GAZA, (PIC)
“The most important thing is to feed my kids — even if it’s just bread and oil,” says Umm Luay Jundiyah, as she lays out a piece of dry bread on an old blanket inside a communal shelter in Gaza.
In the city of Hashim, securing a single meal is no longer a daily task — it has become a true battle. Supply lines have been cut, aid is scarce, and the world’s voices are silent except for hollow statements of solidarity.
“Every day I stand in line at the bakery from dawn, and sometimes I come back with nothing. Bread has become like gold,” says Mahmoud Abu Al-Sheikh, a young man displaced from Beit Hanoun, to the Palestinian Information Center.
Childhood under siege
In one corner of a school-turned-shelter housing hundreds of displaced families, ten-year-old Malak Ahmad Al-Nabih draws on a crumbling wall using a piece of charcoal. Her drawings are not of flowers or kites — but of a warplane and a mother crying beside a body.
“Every day we hear planes. We get scared, but there’s nowhere to run,” says Malak.
Schools have been closed for months, but the children are still learning — how to hide under tables, how to run to safer areas, and how to hold back their tears so their mothers won’t worry.
Dignity hanging on laundry lines
On a street in Nuseirat refugee camp, Abu Raed Mushtaha has reopened his sewing machine atop the rubble of his destroyed shop.
“We sew for people for free. No one has money, but we still need clothes and warmth.”
Life continues, but nothing about it is normal.
Women hang clothes on downed power lines. Children play atop the ruins. Men guard their homes not from airstrikes — but from looters.
The inner siege: When a person faces the world alone
The tragedy in Gaza is not just the destruction — it’s the silence.

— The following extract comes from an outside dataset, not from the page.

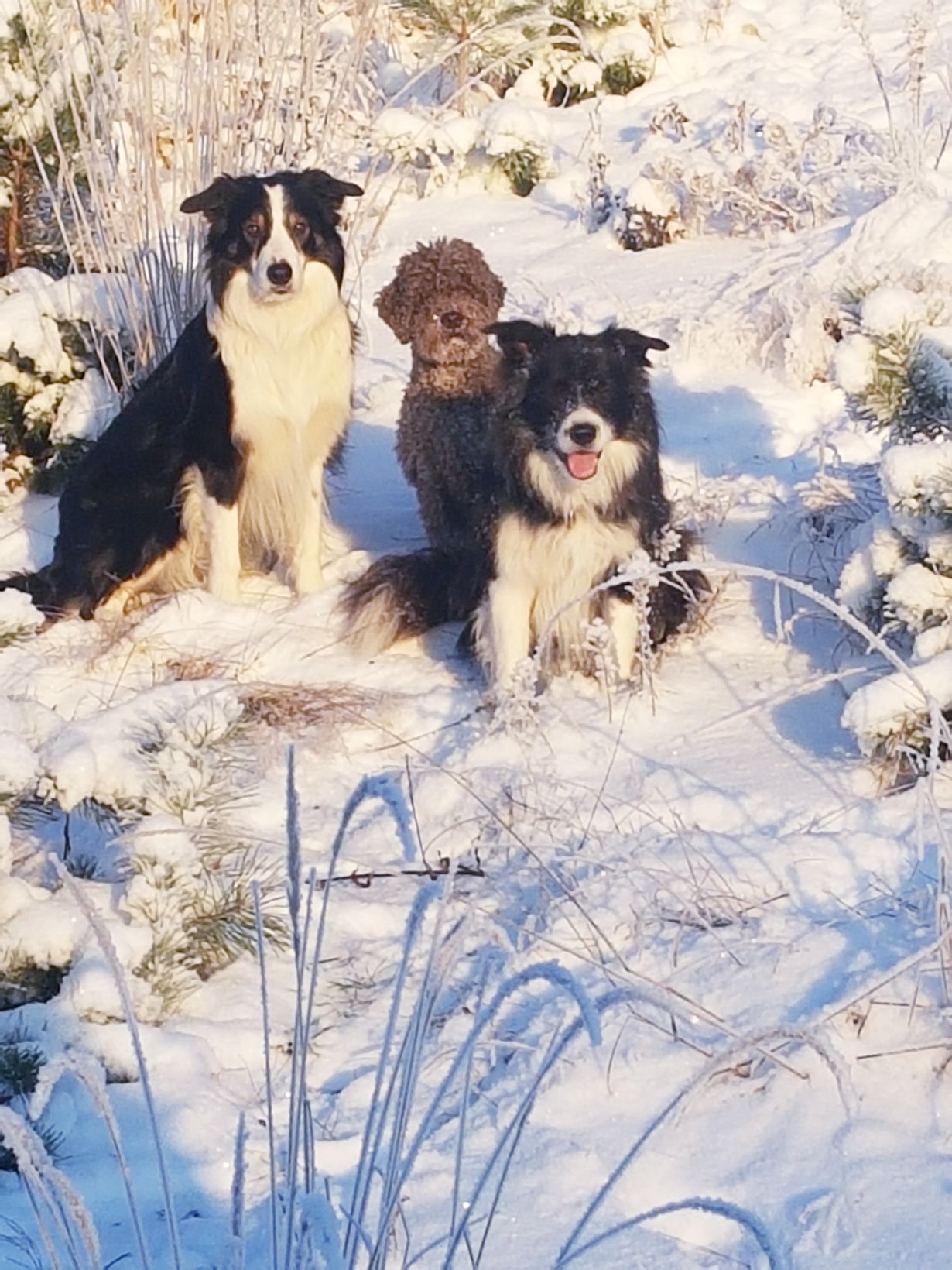 Bordercollie pojat Torsti ja Tempo ovat toimineet 'hengen pelastajina jäädessäni leskeksi, kuntouttajina lonkkaleikkauksen jälkeen. Ilman näitä kahta olisin jäänyt kotiin suremaan ja helpommin jäänyt sohvan nurkkaan vetelehtimään. Mukana lenkeillä usein ystäväni Arja Jade lagoton kanssa

“We don’t lack skill — we lack tools,” says Dr. Wael Imad, a physician in a field hospital. “We stitch wounds without anesthesia. We lose lives because a shipment of medicine didn’t arrive.”
Gazans feel surrounded not only by walls and tanks, but by international abandonment. “We’re no longer waiting for decisions. We’re just waiting for this catastrophe to end.”
Hope cannot be bombed
Despite it all, the spirit remains unbroken.
Some families hold prayer circles; others tell stories to their children. Some have started planting vegetables on rooftops. Others organize soccer matches for children in school courtyards.
“We don’t want the world’s pity. We want it to hear us,” says Nadia, a young woman who writes in her diary daily to document both pain and hope.
Gaza is not dying — it is screaming.
Gaza is not the victim of fate — it is the victim of occupation, siege, and a world that chose to look away.
But what the world still fails to understand is this: a people who love life — despite everything — cannot be defeated.